Post n°65 pubblicato il 23 Febbraio 2014 da pepitapablita

 

 

Cosa si prova quando un bambino di 10 anni, un proprio alunno, ti chiede di poter cantare davanti a tutti in classe una canzone che vuole dedicare ad una sua compagna, di cui si è innamorato e con cui si è appena fidanzato?

Impossibile descriverlo...

Io ho una classe un  po' particolare, lo so... Sono tutti molto sensibili, soprattutto alla musica, e davvero a volte devo evitare di far ascoltare loro canzoni o filmati toccanti, per non vederli piano piano scoppiare tutti a piangere.

Strani bambini quelli di oggi...tanta angoscia e tante emozioni non espresse, chè troppo spesso non c'è chi abbia tempo e voglia di ascoltarli.

Sapevo che quella canzone provocava soprattutto il suo pianto, era già successo una volta che volle ascoltarla alla LIM, e gliel'ho ricordato, ma lui, il mio piccolo alunno innamorato, mi ha risposto che a lei quella canzone piaceva tanto e lui voleva farla felice cantandogliela...

Ho fatto allora zittire la classe, visto che era intervallo e stavano tutti chiacchierando, e lui in un silenzio irreale ha cominciato serio serio ad intonarla... La canzone è quella che c'è ora in sottofondo, per cui si può solo immaginare che cosa sia stato sentirla cantare da un bambino.
E la faccina di lei...aveva un sorriso dolcissimo e gli occhi enormi tutti lucidi, perché questo amore è sbocciato da poco, da quando lui l'ha osservata fare gli scooby doo (così le ha scritto in un biglietto che mi ha fatto poi leggere) e se n'è innamorato, e non chiedetemi che modo avrà mai avuto questa bambina di farli, perché assicuro che, se lo sapessi, imparerei subito anche io...

Lorenzo cantava con gli occhi chiusi, e si capiva quanto coraggio ci stesse mettendo nel farlo, perché il suo faccino era diventato incandescente.
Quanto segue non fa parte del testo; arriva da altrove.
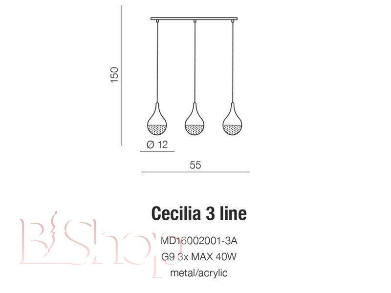 Количество ламп: 3. Тип цоколя: G9. Высота (см): 150. Мощность лампы (Вт): 40. Диаметр (см): 55.
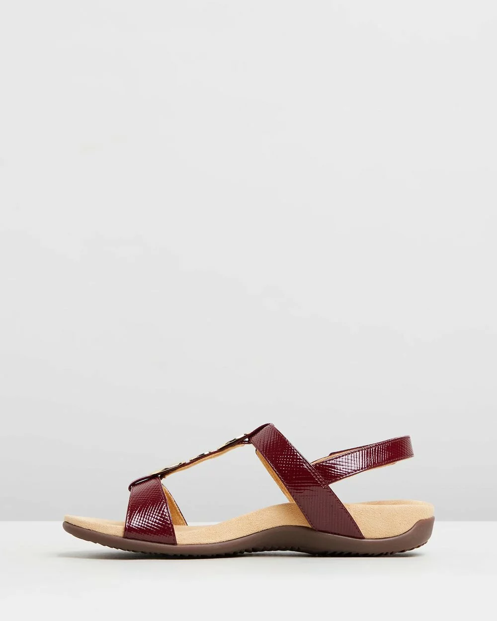 Vionic are revolutionising the footwear industry with their limitless innovation in footwear technology that never skimps on style — their Farra Backstrap Sandals are no exception with their moulded footbed, sleek t-bar design and hammered gold-disk accents.
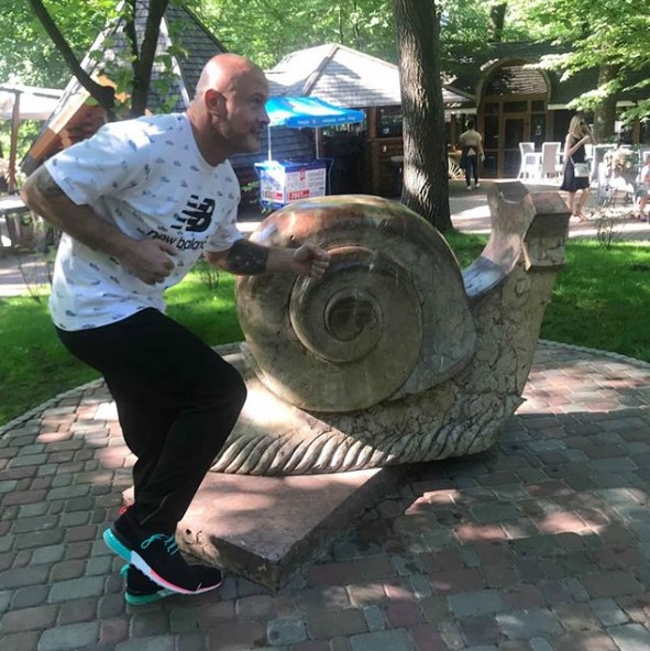 В подписи к посту он пояснил, что ненавидит двигаться как улитка, просто «фото вышло прикольное». Что касается образа спортсмена, то на фотоснимке он запечатлен черных спортивных штанах, белой футболке и кроссовках с яркой подошвой.
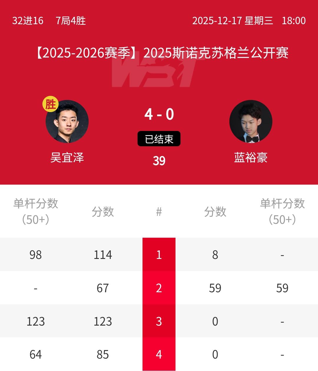 4-0赢中国德比,轰123+98+64分,国锦赛冠军吴宜泽轻取职业赛新人!刚刚结束2025年斯诺克苏格兰公开赛第二轮的一场中国德比战中,备受关注的国锦赛冠军吴宜泽状态神勇,在与职业赛新人蓝裕豪的比赛中1,他轰出一杆破百和两杆50+,总比分4-0横扫晋级16强,他也是第一位晋级16的球员,祝贺吴宜泽!整体来看,以吴宜泽尽目前的状态,争冠态势非常明显!丁俊晖 赵心童
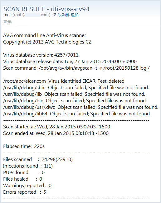 CentOS7へAVG アンチウイルス無料版 for Linuxをインストールし設定しました。
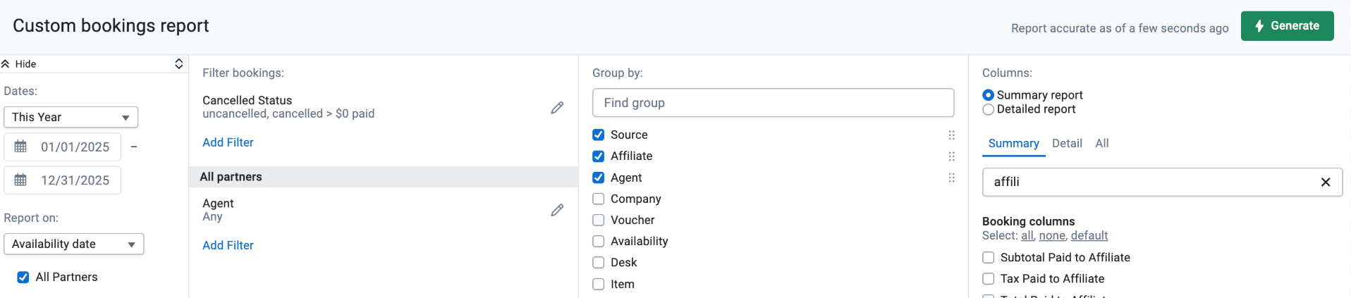 - If the Payable and Receivable columns are empty, most likely the tour operator has generated an invoice for bookings during this period. In this case, you can select and add the booking columns Paid to Affiliate and Received from Affiliate to the report for a truer picture.
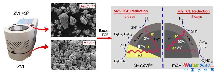 該研究首次報(bào)道了使用機(jī)械化學(xué)方法合成硫化微米零價(jià)鐵(S-mZVI),克服了現(xiàn)有液相化學(xué)方法硫化納米零價(jià)鐵存在的諸多技術(shù)缺陷,為硫化零價(jià)鐵的規(guī);珊蛻(yīng)用提供了新的技術(shù)途徑。該研究還提出了一種電子利用效率的準(zhǔn)確計(jì)算方法,系統(tǒng)評價(jià)了S-mZVI降解三氯乙烯的反應(yīng)途徑、動力學(xué)、電子效率以及降解容量,并與美國Oregon Health & Science University合作使用電化學(xué)手段探究了S-mZVI降解三氯乙烯的增效機(jī)制,為硫化零價(jià)鐵的研究提供了多種借鑒手段。
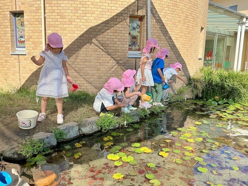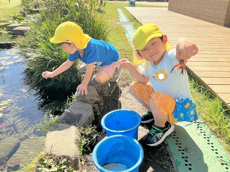 ままごとやサッカー、ザリガニ釣り、うんていなどなど、友達と一緒に楽しんでいます。今日は、そのほんの一部をこっそりお伝えします。
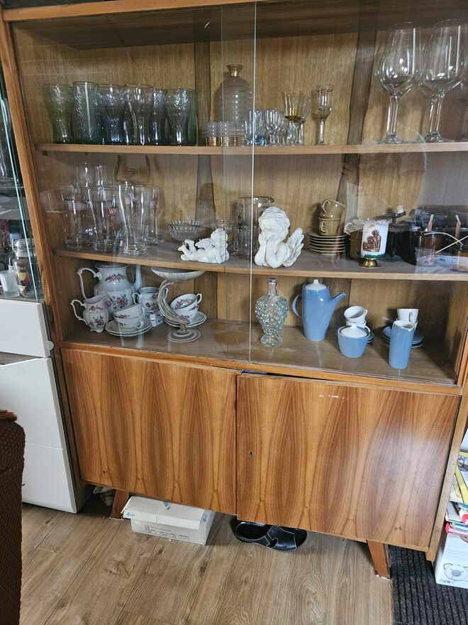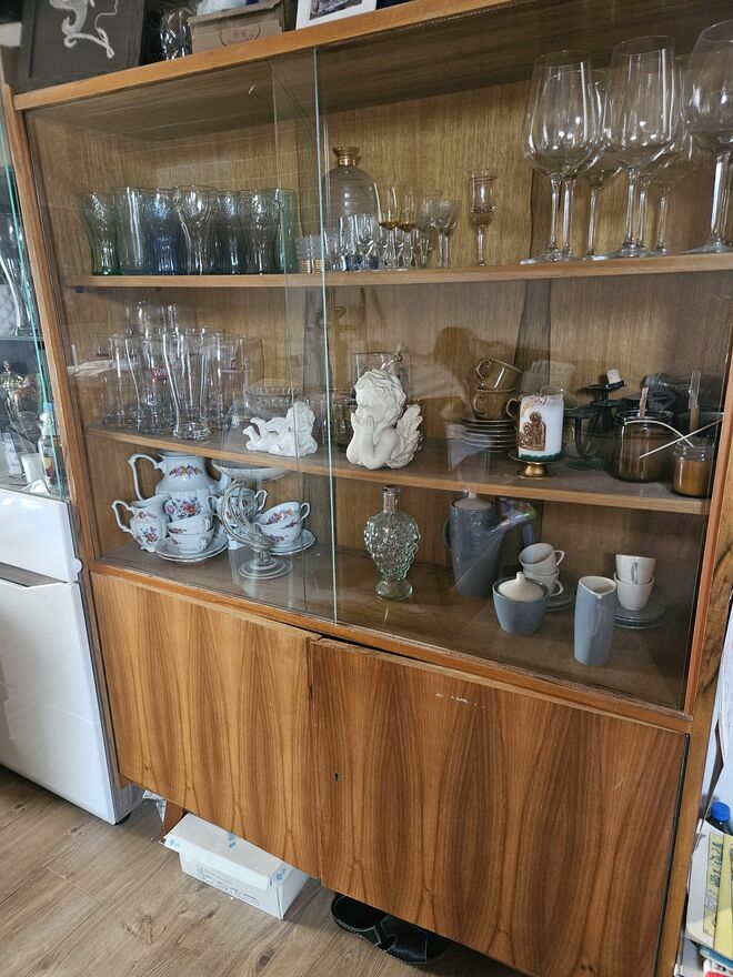 Gablotke sprzedaje pustą. Stoi na nóżkach, ma drzwiczki, a za nimi półkę.Wymiary :
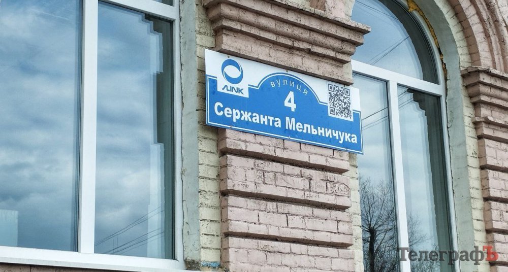 Наприклад, на ПТУ №26 змінили покажчик з назвою нової вулиці — на честь Сержанта Мельничука. Перейшов за посиланням QR-коду можна дізнатися шлях захисника України.
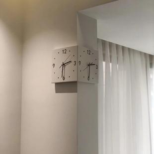 ins风现代转角钟双面挂钟客厅创意简约转角挂钟免打孔时尚 阳角钟
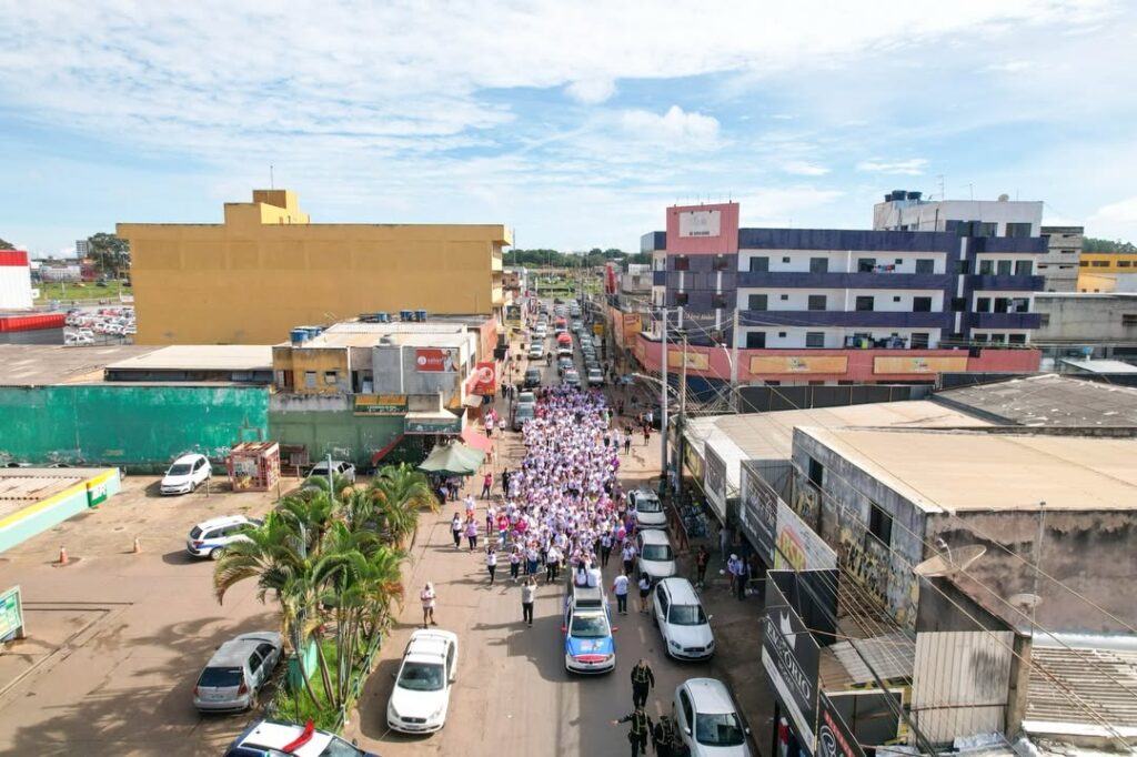 A caminhada começou em frente ao Atacadão Dia a Dia e seguiu até a Igreja Nossa Senhora Imaculada Conceição, em um percurso simbólico marcado por mensagens de união e reflexão.

Chiara invece non gli staccava gli occhi di dosso e lo guardava commossa, e mentre le parole riempivano l'aula e ne profumavano l'aria, tutti sembravano molto presi, ed io guardando tutte le loro faccine così attente e rispettose di un momento così delicato, pensavo a quanto fosse bello credere ancora ad un amore così...

Sono andata allora con la memoria ad altri occhi chiusi, durante un corso che feci sulla fiducia...che strani giri fa a volte la mente...
A dire il vero, era un corso di "mimo e gestualità" ma all'interno, tra le varie attività di recitazione corporea, ce n'erano alcune incentrate sulla fiducia con esercizi mirati proprio a conquistarla e a saperla riporre, forse perché alla base di ogni espressione di sè, c'è sempre lei...la fiducia in se stessi, che si conquista solo sperimentandola.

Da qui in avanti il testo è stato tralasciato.